**Problem details:** Exactly as they appear below, repeat the lines from the one with "Brown Leather Briefcase" through the one with "На фото: Частный". Drop every picture.

(Material shown)

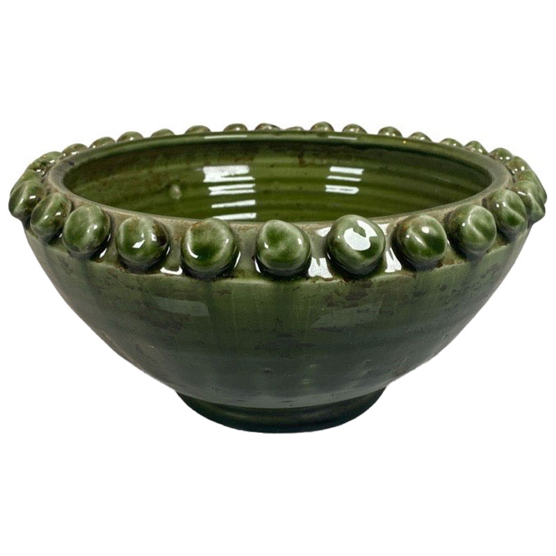 Vacker skål från Miljögården, tillverkad i keramik prydd av en vacker grön glasyr.
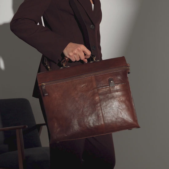 Brown Leather Briefcase Laptop Bag for Women - From Here to Eternity
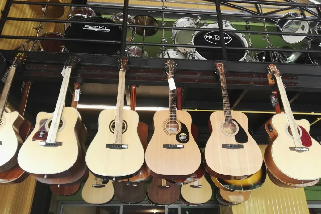 มุมเครื่องดนตรี: ถ่ายภาพชั้นวางกีตาร์ หรืออุปกรณ์ดนตรีอื่นๆ ที่เรียงกันอย่างสวยงาม เพื่อดึงดูดใจคนรักดนตรี
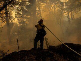 На фото: Частный пожарный наблюдает за возгоранием вдоль платной дороги Олд Лоули во время Стеклянного…
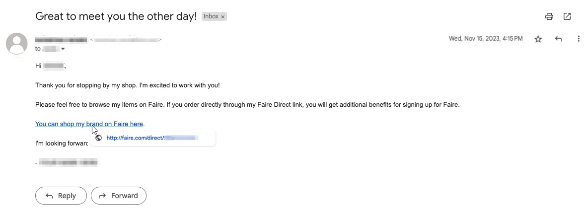 You encouraged the retailer to order through your Faire Direct link, and they responded |

(End Material shown)

**Reply:**
 Brown Leather Briefcase Laptop Bag for Women - From Here to Eternity
 มุมเครื่องดนตรี: ถ่ายภาพชั้นวางกีตาร์ หรืออุปกรณ์ดนตรีอื่นๆ ที่เรียงกันอย่างสวยงาม เพื่อดึงดูดใจคนรักดนตรี
 На фото: Частный пожарный наблюдает за возгоранием вдоль платной дороги Олд Лоули во время Стеклянного…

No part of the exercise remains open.